Related to this article Latest Comments Start a conversation on this story Macular degeneration involves the deterioration of retinal tissue crucial for central vision tasks such as reading and driving. Light-sensitive cells in the macula, known as photoreceptors, transmit signals to the brain and losing them can result in blind spots and blurred vision. More than a third of Canadians older than 55 will develop the condition that already affects 30 million people worldwide.
A key challenge for any therapy that would rely on stem cells is being able to produce enough of the tissue needed for a given treatment. But the researchers report in this week's issue of the journal Cloning and Stem Cells that they succeeded in growing 67 good-quality batches of retinal cells from 18 different human embryonic stem-cell lines.
While animal studies are continuing, Dr.

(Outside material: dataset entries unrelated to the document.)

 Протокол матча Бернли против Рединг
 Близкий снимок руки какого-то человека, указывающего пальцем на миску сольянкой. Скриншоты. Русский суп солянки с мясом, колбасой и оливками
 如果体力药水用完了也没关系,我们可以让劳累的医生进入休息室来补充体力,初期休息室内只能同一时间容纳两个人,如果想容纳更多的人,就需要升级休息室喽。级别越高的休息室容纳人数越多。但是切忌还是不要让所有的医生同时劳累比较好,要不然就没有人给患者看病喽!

Lanza's group is now generating large numbers of particular retinal cells with the hope of applying next year to test them in vision-impaired patients.
"We're in the process of creating these cells under Good Manufacturing Practices and getting ready to supply them for human clinical trials," he said. (Good Manufacturing Practices are regulations set up by the U.S. and Canadian governments for the manufacture of medicines.)

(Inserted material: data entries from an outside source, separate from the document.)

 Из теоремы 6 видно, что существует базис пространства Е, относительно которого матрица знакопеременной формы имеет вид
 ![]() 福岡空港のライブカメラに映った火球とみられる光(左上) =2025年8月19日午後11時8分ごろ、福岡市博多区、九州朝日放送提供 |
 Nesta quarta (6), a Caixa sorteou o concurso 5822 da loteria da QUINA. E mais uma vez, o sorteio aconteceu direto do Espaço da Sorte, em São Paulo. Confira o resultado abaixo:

A great gap lies between treating rats and treating people and Dr. Lanza acknowledged certain safety questions must still be answered. For one, rats in this study received the implants not long after birth and it is unclear how well older human eyes would accept new tissues.

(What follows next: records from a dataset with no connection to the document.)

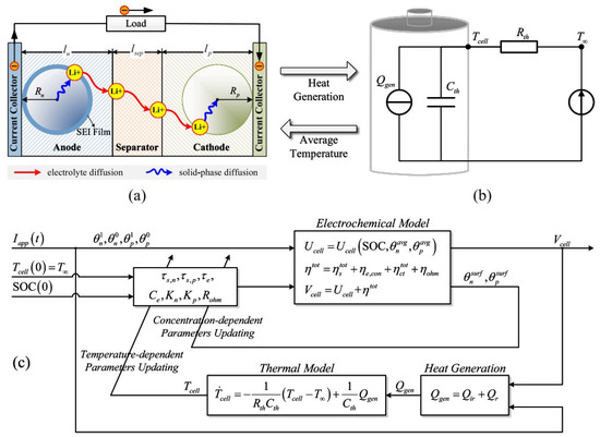 Multi-domain battery model: (a) electrochemical processes in a lithium-ion cell; (b) equivalent electrical circuit; (c) coupled electrochemical–thermal model with parameter updating and heat generation.
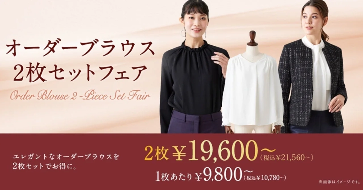 Under this special offer, customers can acquire two custom-ordered blouses for an attractive price starting from ¥19,600 (¥21,560 including tax), effectively making each blouse available from ¥9,800 (¥10,780 including tax). This represents a significant saving compared to the usual price of ¥11,900 (¥13,090 including tax) per blouse, making bespoke elegance more attainable.
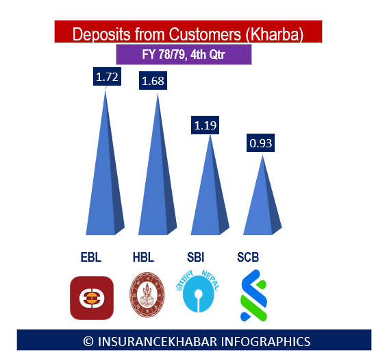 एभरेष्ट बैंकले सर्वाधिक १ खर्ब ७२ अर्ब निक्षेप संकलन गर्दा स्ट्याण्डर्ड चार्टर्ड बैंकले सबै भन्दा कम ९३ अर्ब निक्षेप संकलन गरेको छ ।
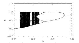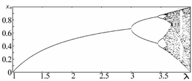 Бифуркационная диаграмма для данного отображения имеет вид:
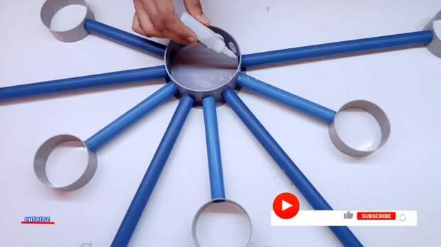 Теперь нужно вклеить лучи, чередуя их по длине. Важно, чтобы рассеиватели находились со стороны вклеенной накладки на центральном основании люстры.
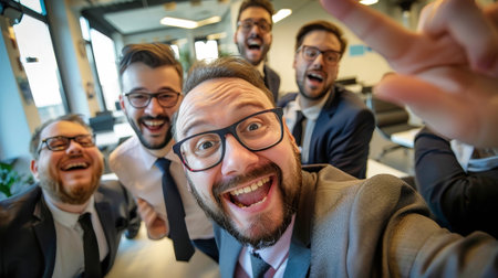 A group of funny, friendly, and happy managers in suits and ties taking a selfie together.
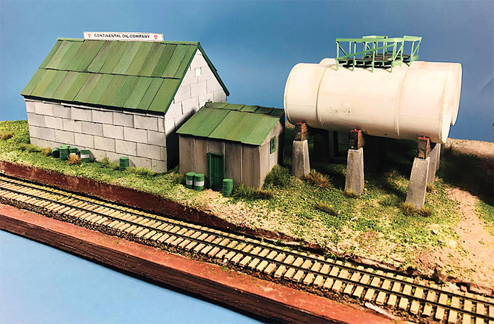 I built the entire petroleum spur at my workbench, including the scenery. This diorama replaced an existing spur on my layout and was blended into the basic scenery. With the Conoco distributor in place, I now have a destination for my San Juan Models tank cars. The Texaco dealership provides me with a destination for my CYCX numbered narrow frame tanks as well as my double dome TCX tanks. The people of Placerville and the adjoining Paradox Valley will be well served for their petroleum needs.
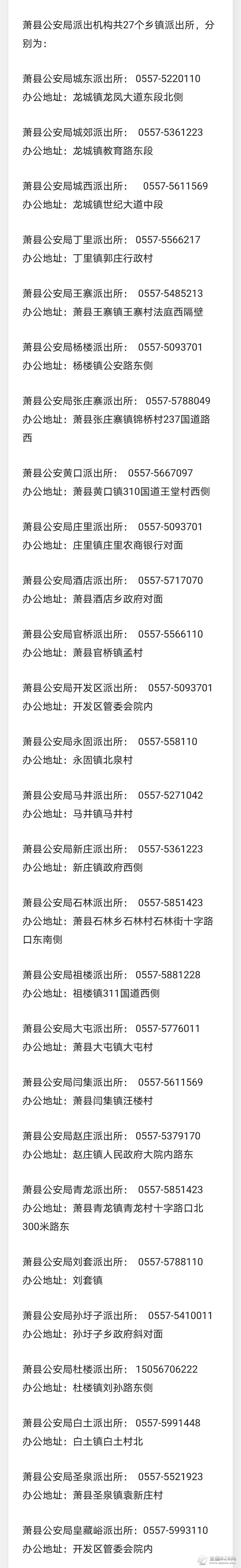 宿州市萧县27个乡镇派出所联系电话及办公地址大全:派出所工作时间除户籍窗口依照工作日时间值班,其余岗位为24小时值班,群众有困难可及时拨打派出所电话求助。
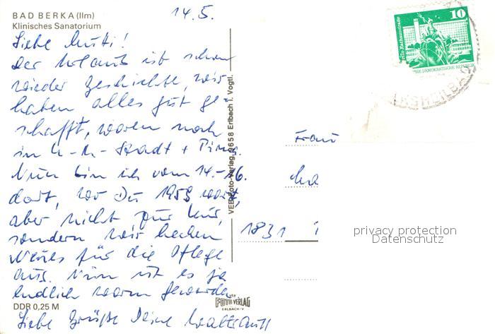 72952587 alte Postkarte Bad Berka Klinisches Sanatorium Teich postalisch gelaufen Erhaltung siehe scans [FriedD77] KatCode: 11110016071003
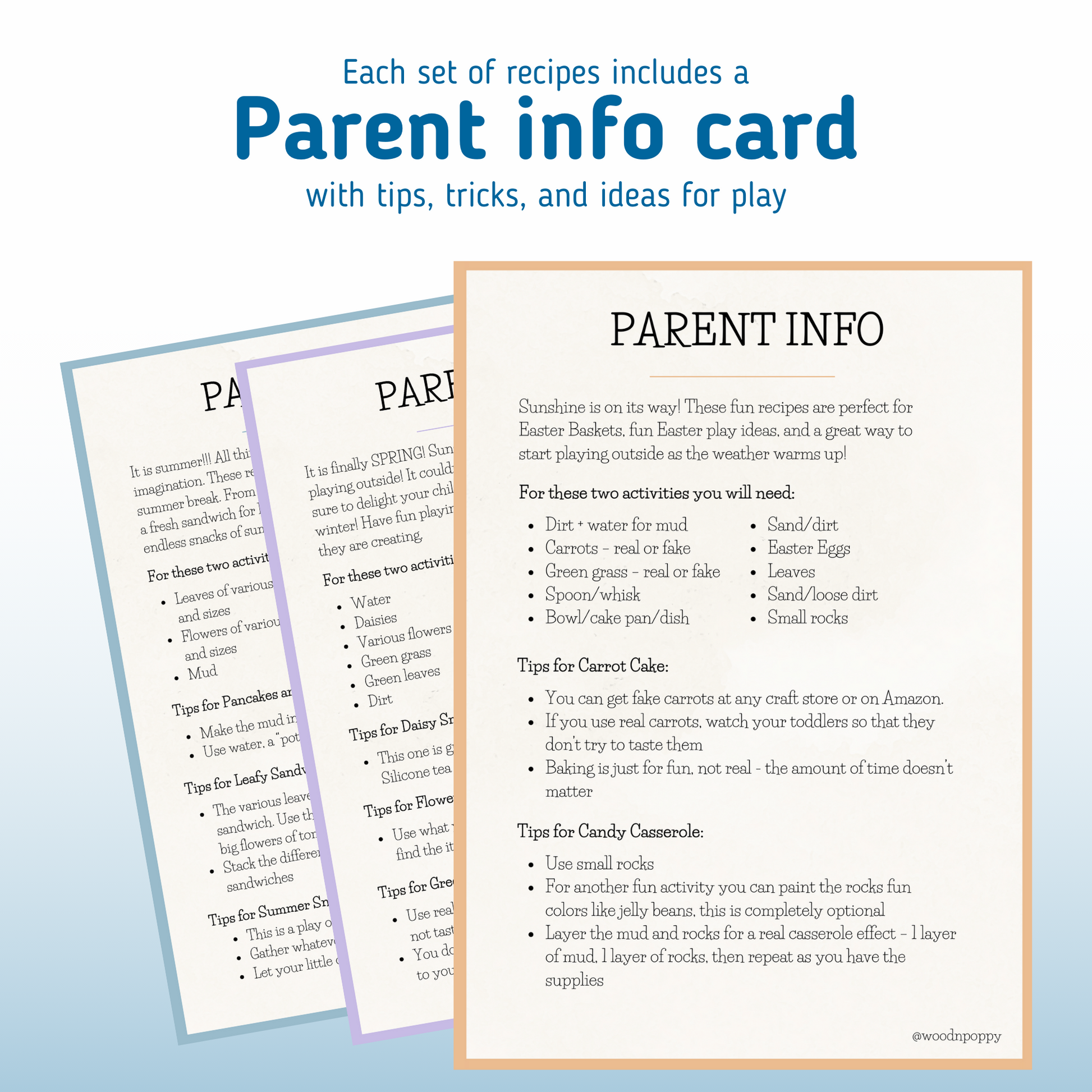Sensory play recipe cards for the warmer weather! Prep your kiddos for sunny season with a new set of recipe cards!

There was no evidence of serious side effects or abnormal tissue growths -- a particular concern with any stem-cell therapy because stem cells are prized for their power to multiply indefinitely and mature into the various tissue types that make up the human body. But the rats were followed for only 100 days. Dr. Lanza said ongoing studies are expected to follow the animals for about a year.
Mick Bhatia, scientific director of the Stem Cell and Cancer Research Institute at McMaster University in Hamilton, applauded the work for being one of few that has made the leap of "getting [stem cells] out of the dish and into a living animal."
However, Dr. Bhatia cautioned that the paper does not make clear that there is a real therapy here. He noted that the researchers transplanted only one type of retinal cell, even though they generated various retinal-cell types. He also noted that other research has shown that any cell implanted at an injury site might improve conditions and so it cannot be certain that the benefits reported in this experiment are due specifically to the tissue from embryonic stem cells.
Advanced Cell Technology has often made headlines in the controversial field of embryonic stem-cell research. Last month, the company reported it had found a method to derive stem cells without destroying an embryo -- the key concern of those morally opposed to the work.
But the field's opponents, the U.S. Conference of Catholic Bishops in particular, rejected the report because the donated lab-dish embryos had been destroyed in the ACT experiment. As the ethical debate continues, the field's proponents are anxiously investigating ways stem cells could be used to generate replacement tissues for patients -- be they retinal cells, neurons or arteries. Researchers at the California-based Geron Corp. and the University of California, for example, also plan to apply next year for U.S. government approval to test an embryonic stem-cell therapy in patients with acute spinal-cord injuries. Studies in rats have found that using the cells to generate a particular kind of nerve cell can significantly improve movement.
Dr. Lanza said it's no surprise that stem-cell treatments for the eyes and central nervous system may be the first "out of the gates." These tissue types are the most easy to generate from stem cells, he said. As well, tissues transplanted into the eye or nervous system are less likely to be rejected than cells implanted in other areas.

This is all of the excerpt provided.